One notable example is the Le Havre floating LNG terminal in France, operated by TotalEnergies. Commissioned in 2023 as an emergency response to energy shortages, the Cape Ann floating storage and regasification unit (FSRU) was expected to boost LNG imports. However, months later, the terminal has remained largely idle, with market participants favoring onshore terminals due to their lower operational costs. The cost differential between floating and onshore LNG regasification facilities primarily stems from leasing fees, fuel consumption, and maintenance expenses, which together make floating terminals a less competitive alternative. In Germany, a similar trend is evident, where newly established floating LNG terminals see less utilization than initially anticipated, underscoring the challenges associated with long-term reliance on such infrastructure.
The financial impact of these idle floating terminals extends beyond individual companies like TotalEnergies. LNG cargo owners and traders are taking note of the price discrepancies, opting to divert supplies to more cost-efficient destinations within Europe or Asia. This has placed further pressure on European gas prices, which have remained volatile due to persistent supply chain uncertainties. Benchmark European natural gas futures, such as the Dutch TTF contract ($NG=F), have experienced significant fluctuations throughout 2024, highlighting the fragile nature of the continent’s energy supply chain. Additionally, energy majors such as ExxonMobil ($XOM) continue to assess the economic feasibility of new LNG investments, particularly in regions where infrastructure costs are more competitive.

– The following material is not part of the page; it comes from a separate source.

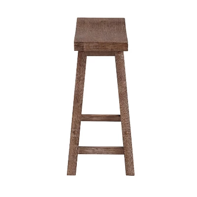 Add casual seating to your home by bringing in this transitional style stool, featuring a saddle seat and showcases grain details. Constructed sturdily from solid hard wood, it is accented with a brown wire brush finish. It is made up of brown and is brown in color.Assembly is required in the product.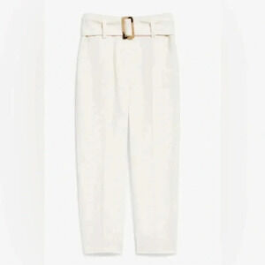 Topshop Trousers Jodi Tapered Leg High Waisted Belted Pants Ivory Size 4 NWT

Looking ahead, the underutilization of floating LNG terminals raises questions about their long-term viability. While they provided a crucial stopgap measure in the immediate aftermath of the Russian gas import cut, their financial sustainability remains uncertain. European policymakers may need to reconsider their LNG strategy to ensure cost-effectiveness while maintaining energy security. Investments in expanding onshore regasification capacity, along with strengthening long-term LNG supply contracts, could provide a more sustainable path forward. Meanwhile, companies like TotalEnergies ($TOT) face strategic decisions regarding the profitability of their floating LNG operations as competition from traditional gas infrastructure continues to dictate market dynamics.